Font, Moloughabbey, Co. Tipperary
Co. Tipperary |
Religious Objects
Just inside Molough Abbey in County Tipperary, close to the doorway set into the south wall of the church, sits a fragment that is easy to overlook: a low, octagonal base of sandstone, its centre perforated, measuring roughly half a metre across at the foot and tapering to about a third of a metre at the top.
It stands only 0.22 metres high. What makes it quietly compelling is what is absent. A circular shaft, hollow at its core, once rested on this base, and above that would have been the basin of a baptismal font, the vessel in which water was blessed and used for the sacrament of baptism. The shaft and basin are long gone, leaving only this truncated pedestal sitting in the earth beside the old church wall.
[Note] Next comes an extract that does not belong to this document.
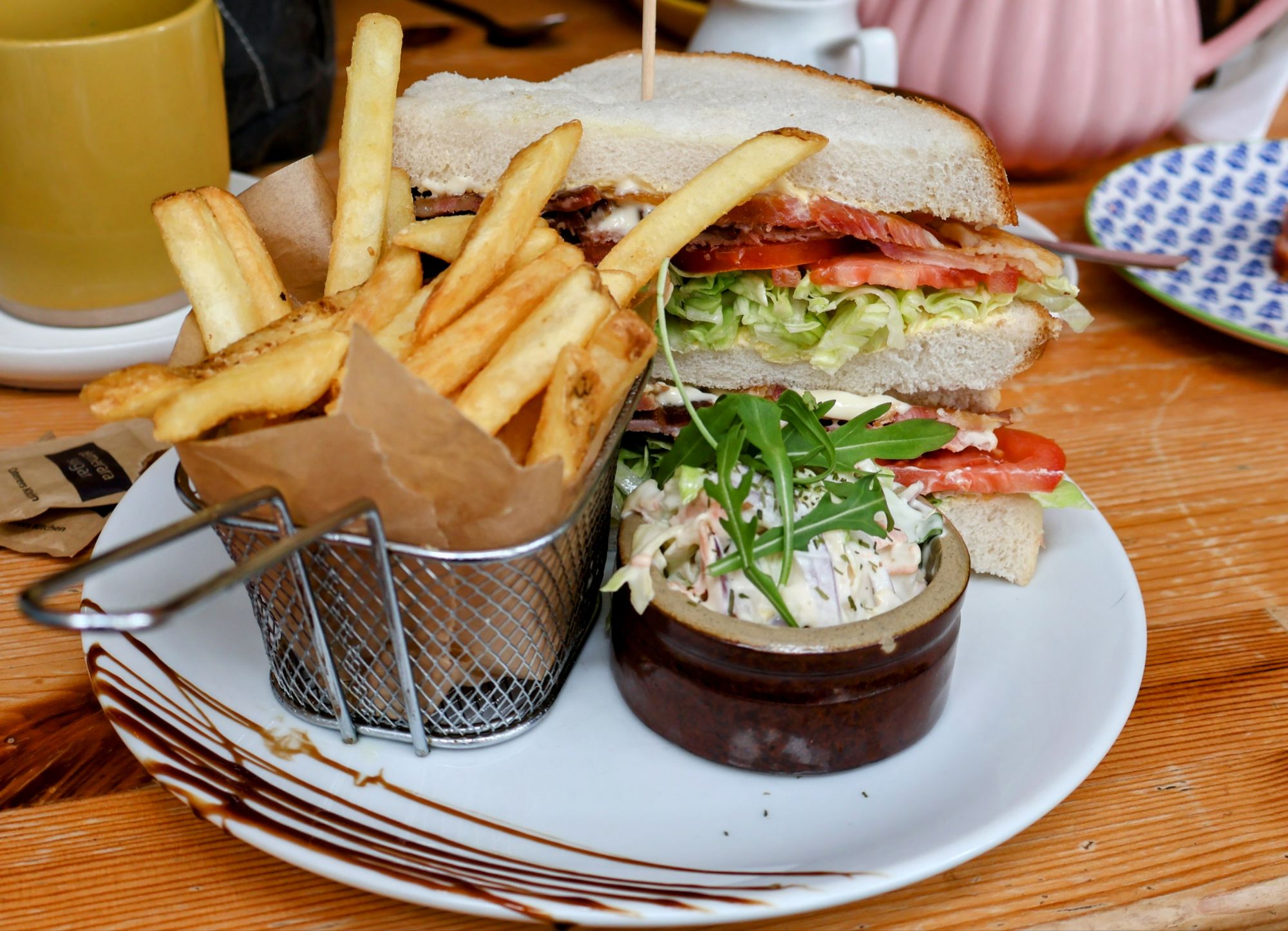 The menu is reasonably priced given the focus on quality, making it a perfect spot for breakfast, coffee and cake—or even something more substantial. When we visited, I went straight for The Big One. They serve breakfast until 2pm which is great news if you’re a late riser or if you’ve been out the night before! The Big One is for those with an immense appetite (£14.95) but there are smaller options available. T went for the Ultimate BLT Handcrafted Sandwich (£11.95), swapping crisps for fries for an extra £2.25 from their lunch menu which also includes paninis, toasties and jacket potatoes to mention a few things.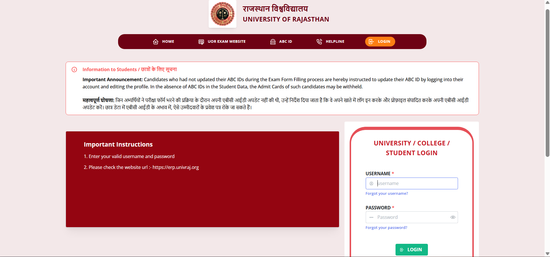 - Open the official portal of the University of Rajasthan, i.e. https://erp.univraj.org.

Baptismal fonts in medieval Irish churches were typically carved from a single block or assembled in sections, and the octagonal form seen here carried symbolic weight, the eight sides associated in Christian tradition with resurrection and renewal. That this base survives at all, in situ and still identifiable, is notable given how thoroughly many smaller ecclesiastical sites were robbed of dressed stonework over the centuries. Molough Abbey itself is a ruined church of some antiquity, and the font base, fashioned from local sandstone, belongs to that same fabric of material evidence that accumulates quietly at such sites, outlasting the communities that once used it.